I have a NUCLEOL476RG and i have some troubles trying to read a battery level using ADC.

I made a voltage divider partitor to get 3.3V starting from 14.1V.

1)  using 162K resistor + 50K resistor the adc read 2.9v

2) using 68.8k + 20.78k the adc read 2.6v.

Using multimeter on partitor in both read 3.20v .

If i read 3.3 from Nucleo (CN7  pin 2 or 4) adc read correctly.

please, Anyone may helm me with hints?

Regards,

Carmelo

1 ACCEPTED SOLUTION

Accepted Solutions
S.Ma
Principal
Posted on May 28, 2018 at 18:04

ADC input is high impedence. Then ADC sample the voltage by connecting a RC to the ADC input pin for a while, then disconnecting the input pin, and convert. When connecting the RC, the cap maybe discharged...

The input impedence should be small (ideally a supply voltage), and here it is very resistive, the RC curve slows down and is cut before reaching the asymptotic ideal voltage.

==> If this situation is correct, increasing the sample time to maximum will yield a value closer to the expected one.

==> If the required sample time shall be higher than possible, you could stop the ADC clock during sampling phase to 'freeze the time'.

==> Alternatively, put a decoupling cap to ground (10uF?) at the ADC sampling point. Battery level changes slowly so the response time of the divider maynot be critical...

View solution in original post

3 REPLIES 3
S.Ma
Principal
Posted on May 28, 2018 at 18:04

ADC input is high impedence. Then ADC sample the voltage by connecting a RC to the ADC input pin for a while, then disconnecting the input pin, and convert. When connecting the RC, the cap maybe discharged...

The input impedence should be small (ideally a supply voltage), and here it is very resistive, the RC curve slows down and is cut before reaching the asymptotic ideal voltage.

==> If this situation is correct, increasing the sample time to maximum will yield a value closer to the expected one.
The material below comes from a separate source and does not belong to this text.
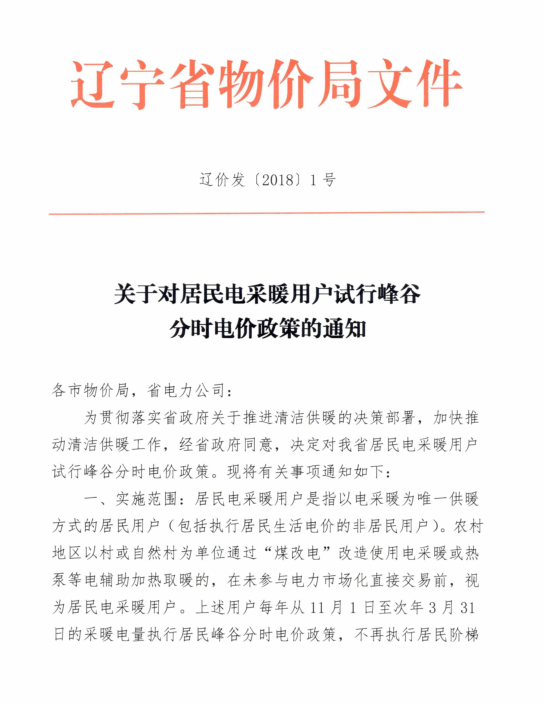 遼寧對(duì)居民電采暖用戶試行峰谷分時(shí)電價(jià)政策

==> If the required sample time shall be higher than possible, you could stop the ADC clock during sampling phase to 'freeze the time'.

==> Alternatively, put a decoupling cap to ground (10uF?) at the ADC sampling point. Battery level changes slowly so the response time of the divider maynot be critical...

Posted on May 29, 2018 at 02:36

decoupling cap should be closer to 1uF or even 0.1uF,

your problem is the high impedance.

if you require a fast response, then you should use an external OpAmp to drive the pin with low impedance.

this will give you a much faster changing voltage on the pin from the source and a rapid read capability.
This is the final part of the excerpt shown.